Commonly known secondary metabolites which have been previously identified in extracts of fungi from the Alternaria genus include alternariol, alternariol monomethyl ether, tentoxin, altesertin, alteichin, stemphyltoxin, altersolanol, altenusin and tenuazenoic acid were not detected in this study [73]. A possible explanation for this occurrence is that different fungal strains in the same genus have the biosynthetic capability of producing a wide variety of chemically diverse secondary metabolites [74]. The type of method and solvent used in the extraction process may also significantly affect the nature and quantity of secondary metabolites recovered [75]. Some researchers have reported the use of acidified extracting organic solvents or acidified filtrate broth to increase the solubility of fungal secondary metabolites in organic solvents [76].

Conclusions

This study provides evidence that the ethyl acetate crude extract of Alternaria sp. KTDL7 exerts a notable dose-dependent and selective cytotoxic activity on UMG87 glioblastoma cells. Metabolite profiling also showed that Alternaria sp. KTDL7 is capable of producing compounds similar to those from terrestrial plants and marine fungi belonging to different genera, as is the case with compounds 2 to 6. This further supports the notion that more complex chemical structural scaffolds with interesting bioactivities are likely to be harbored by fungal symbionts from diverse origins. Further studies will be aimed at isolating and characterizing the cytotoxic pure compounds from the crude extract of Alternaria sp. KTDL7 and determining their mechanism of action, which could result in the development of a fungal-based drug for glioblastoma multiforme treatment.

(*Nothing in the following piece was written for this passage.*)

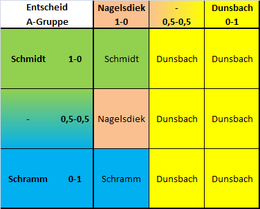 Und wie fällt die Entscheidung aus? Die beste Chance hat naturgemäß Ralf Dunsbach, der einen halben Punkt Vorsprung und eine gute Zweitwertung hat. Verliert er allerdings, wird einer der drei anderen Meister, siehe Bild.
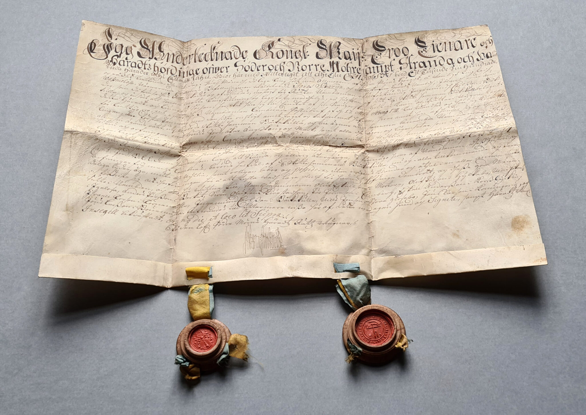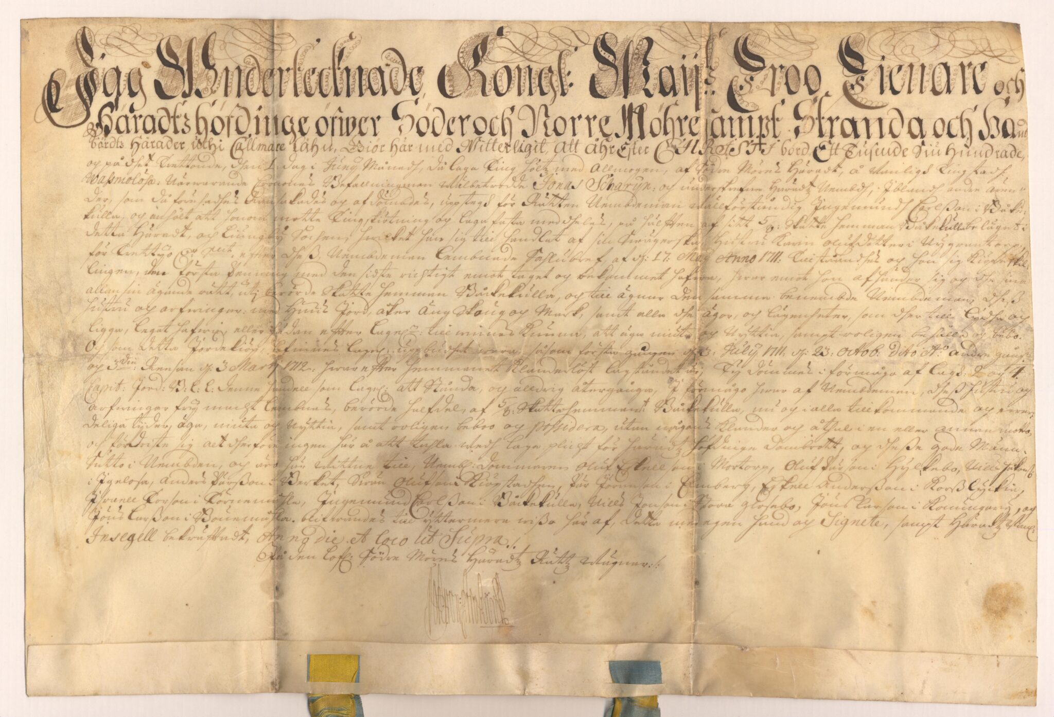 Fastebrev från 1713-06-01, utfärdat av häradshövding Johan von Strokirch (1675–1724).

Additional file 1. Phylogenetic relationships of fungal endophytes from healthy leaves, stems and seeds of D. stramonium inferred based on ITS1 and ITS4 sequences. The numbers at branch nodes represent maximum likelihood bootstrap values from analyses with 1000 replicates. In boldface are fungal endophytes isolated from D. stramonium (GenBank accession number, name and isolate code). Fungal endophytes according to morphological characteristics on PDA plates, where group A are filamentous fungi, B and C being non-filamentous fungi. Evolutionary analyses were conducted in MEGA7 (Kumar et al., 2016).

Additional file 2. LC-QTOF-MS-MS_Analysis. Mass spectra for the crude extract of Alternaria sp. KTDL7 and the mass fragment patterns of the identified compounds: 1,8-dihydroxynaphthalene (1), anserinone B (2), phelligridin B (3), metacytofilin (4), phomopsidin (5) and vermixocin A (6).